Невозможно переоценить все сделанное в этой обстановке вдовой поэта. С именем Марии Илларионовны связаны самые заметные публикации его дотоле не печатавшихся стихов, сборники статей и писем Твардовского о литературе, а также ряд новых изданий его произведений.
Начатую ею в более поздние годы публикацию рабочих тетрадей поэта, содержащих драгоценные дневниковые записи, затем продолжили дочери — доктор исторических наук Валентина Александровна и художница Ольга Александровна. Ими была составлена книга «Я в свою ходил атаку…», куда вошли дневники военных лет и тогдашняя переписка с женой, дающая представление о роли, которую сыграла Мария Илларионовна в его творчестве своими замечаниями и советами.
Все эти публикации имели огромное значение не только в пору застоя 1970-х и начала 1980-х годов, но и совсем в иную пору, когда крикливые «поминки по советской литературе», как называлась одна из нашумевших бойких статей на рубеже XX–XXI веков[69], не обошли стороной и Твардовского — и как поэта, и как редактора журнала, который, видите ли, был недостаточно смел и последователен в критике советского режима.
«Мне думается, — писал недавно, споря с подобными высказываниями, Даниил Гранин, — „Новый мир“ поддерживал в течение многих лет очищающую работу мысли. Нужно было разгрести авгиевы конюшни зла, предрассудков, вывихов сознания… И многое тут было сделано „Новым миром“»[70].
Вспоминается сказанное некогда Герценом об отношении современного ему молодого поколения к «предшественникам, выбивавшимся из сил, усиливаясь стащить с мели глубоко врезавшуюся в песок барку нашу»: «Оно <поколение> их не знает, забыло, не любит, отрекается от них, как от людей менее практических, дельных, менее знавших, куда идут; оно на них сердится и огулом отбрасывает их, как отсталых… Мне ужасно хотелось бы спасти молодое поколение от исторической неблагодарности и даже от исторической ошибки».
Верные и злободневные слова!
К счастью, наиболее вдумчивые и чуткие из нового литературного поколения прекрасно знают, с личностью какого масштаба имеют дело.

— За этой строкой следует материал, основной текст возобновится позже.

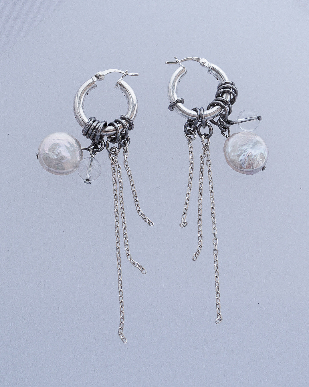 Features hollow hoop, chains, freshwater pearls. Please choose either rose quartz, clear quartz or blue lace agate beads

Твардовский «был частью советского литературного истеблишмента, — писал десять лет назад известный прозаик Олег Павлов, — но так и не стал своим среди тогдашнего литературного барства: повернул дело своей жизни, саму свою жизнь против его сладенькой лжи — сделался отщепенцем, неудачником, потерял и чин литературный, и привилегии, и журнал. Он встал на сторону униженных и оскорбленных своего времени, хоть мог бы пировать с победителями…»[71]
Что к этому добавишь?!
В последнем полученном мной от Александра Трифоновича письме (от 5 июля 1970 года) он шутливо благодарил за то, как говорится далее, что «Вы еще 10 лет назад бабахнули обо мне в „Известиях“», и заключал: «Буду рад, если и к 70-летию моему — буду ли я или не буду жив к той поре — Вам не придется пожалеть об этих и иных Ваших добрых словах о Вашем покорном слуге (какие были прекрасные обороты письменной речи в старину!) — А. Твардовском».
В той заметке к пятидесятилетию поэта, о которой он упомянул, Твардовский был назван одним из величайших русских поэтов.
И я поныне не жалею о сказанном.
В течение десятилетий что бы ты ни писал о Твардовском, всё вспоминались его строки:
Я не то еще сказал бы, —
Про себя поберегу.
Я не так еще сыграл бы, —
Жаль, что лучше не могу[72].
Да и теперь эта книга хотя и подводит некий итог авторских трудов, но, разумеется, никак не может считаться «истиной в последней инстанции».
Как писал покойный историк Михаил Гефтер, «впереди еще Твардовский, вновь понятый и заново открытый веком XXI-м».
Кто доскажет, кто дослышит —
Угадать вперед нельзя.
(«Василий Тёркин»)
Возможно, будущий исследователь оспорит иное (или даже многое) из здесь написанного.
Что ж, мне остается повторить мужественные и прекрасные слова современного поэта Дмитрия Сухарева:
Кто-то нас перебивает —
Поприветствуем его!
Александр Твардовский.
1927 г. Семья Твардовских: мать поэта Мария Митрофановна, Александр, Иван, отец Трифон Гордеевич с дочерью Анной, Константин.
1916 г. А. Твардовский: «Около двух-трех лет — я член Ассоциации пролетарских писателей… Я этим теперь живу».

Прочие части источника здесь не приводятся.